We thought we'd be calling the inspector back in a week, maybe two at the most. Ha, mildly delusional, both of us. Here's a small sample from 'The List':

1. Caulk exterior trim around all windows.
Just like that.
Took two weekends. Lovely job to be doing in the hot sun.
Awful, sticky, gooey black goop. Took four days to clean it all off because there's only enough shower time to scrub one limb raw each morning.
That'll teach me not do such a good job my first try and impress Kim so much I get saddled with the entire job. Until it came to the windows requiring tall, shaky ladders. Kim didn't want me up there and I didn't bother reminding him that "that display job I had at Eaton's? Spent most of each day easily going up & down taller, shakier ladders than these". Nope, by then I was quite happy to pass the caulking gun to him. Yes, dear, you better do the scary ladder parts.

Now that "Caulk window trim" is checked off, we're on to

2. Lower level of ground by 6 inches (oh is that all?)
in both sideyards and a strip along the back of the house and where we want the patio to go.
Just what you want to be doing in hottest, longest heatwave we've had in memory. Shovel sand into wheelbarrow; screen out rubble, rocks & garbage from tradesmen's lunches; dump in front yard; rake level. I don't know what I'm doing wrong, with all the hard work & sweating I've done I should be fitting into those clothes in the 'too small for now box' by now.
From this....
to this...
in one long, hot weekend. What do you mean you can't tell the difference? There was a lot of sand carted out of there. Can't you see the big 6-inch drop?
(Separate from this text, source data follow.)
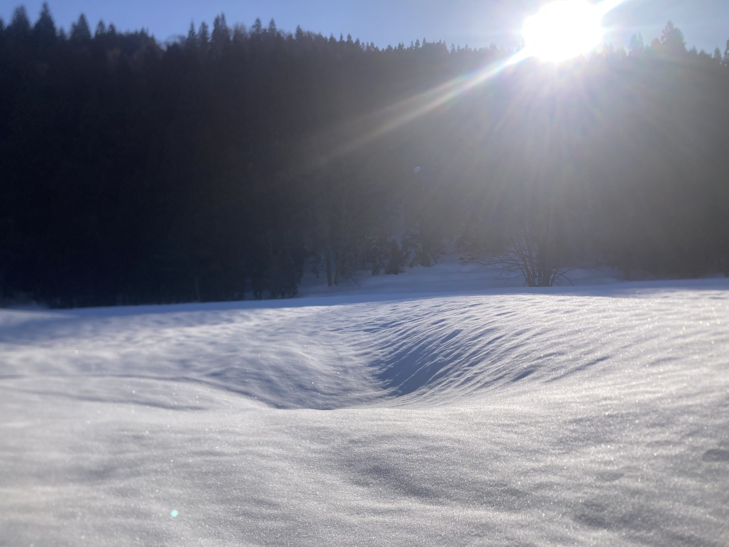 日中は快晴ですが朝晩は冷え込み、今が絶好のしみわたり(凍みわたり)日和です。
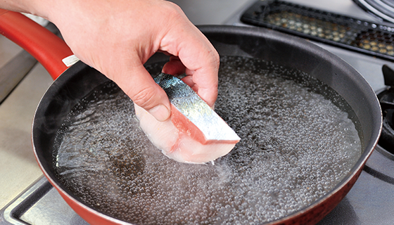 「湯煮」についてはこちらぶりの切り身をさっと洗って、水分を拭いたら、フライパンに沸かした湯に酒を入れ、ぶりを茹でる。時間は1分。このとき沸騰させないように注意しよう。沸騰させてしまうと、ぶりの旨味が湯のほうに逃げてしまうからだ。
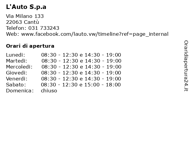 | Sabato | 08:30-12:30 e 15:00-18:00 |
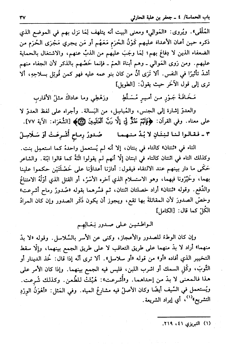 وإن كان الوطء للصدور والأعجاز. وكنى عن الأسر بالسلاسل. وقوله " لا بد منهما " أراد لا بد منهما على طريق التعاقب لا على طريق الجمع بينهما، وإلا سقط التخيير الذي أفاده " أو " من قوله " أو سلاسل ". ألا ترى أنه إذا قال خذ الدينار أو الثوب، وكل السمك أو اشرب اللبن، فليس فيه الجمع بينهما. وإذا كان الأمر على هذا فالمعنى لا بد من إحداهما. و " أشرعت ": هيئت للطعن. وكذلك شرعت. ويستعمل في السيف أيضاً وكان الأصل فيه مشارع المياه. وفي المثل: " أهون الورد التشريع "، أي إيراد الشريعة.

Because that was just one sideyard. Now where are we going to put all the rubble from this side?
More sun in the forecast? Oh well, it'll be just like being at the beach: lots of sand... and sand... and more sand... OK, maybe not so much like the beach.
Good thing we have a helper who loves to dig in the sand.
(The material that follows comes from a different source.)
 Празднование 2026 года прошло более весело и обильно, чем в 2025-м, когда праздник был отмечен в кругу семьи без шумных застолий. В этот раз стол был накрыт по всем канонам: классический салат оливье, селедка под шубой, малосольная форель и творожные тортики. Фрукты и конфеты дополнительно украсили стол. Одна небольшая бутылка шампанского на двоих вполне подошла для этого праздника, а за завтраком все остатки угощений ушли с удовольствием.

3. Install gutter downpipes.
Oh, you mean the ones that the stucco guys ripped off when they did the final stucco coat and left all over the roof, on the deck, in the garage under a pile of junk, and the rest in a heap in the backyard that is now overgrown with morning glory?
The ones that we have to paint now because we changed our mind about the colour of the house since they were first ordered, months ago because the stucco guys stopped work & wouldn't continue until the gutters were installed because they didn't want rain dripping on them when they were doing the scratch coat?
You mean that big brain-teaser of a puzzle that we (meaning Kim) have to solve to figure out just where the heck each piece fits?

Yes THOSE downpipes.

No problem. Done.
(says she who had nothing to with the salvaging, re-painting and reassembling of downpipes)

And the most onerous task on the list:
4. Sweet-talk obnoxious-plumber-who-we-fired-with-good-cause and talk him into filling out that important form that he should have already anyway but didn't because someone (understandably) yelled at him on his voicemail when his crew didn't show up for the third time.
Wish me luck on that one. I'll need it.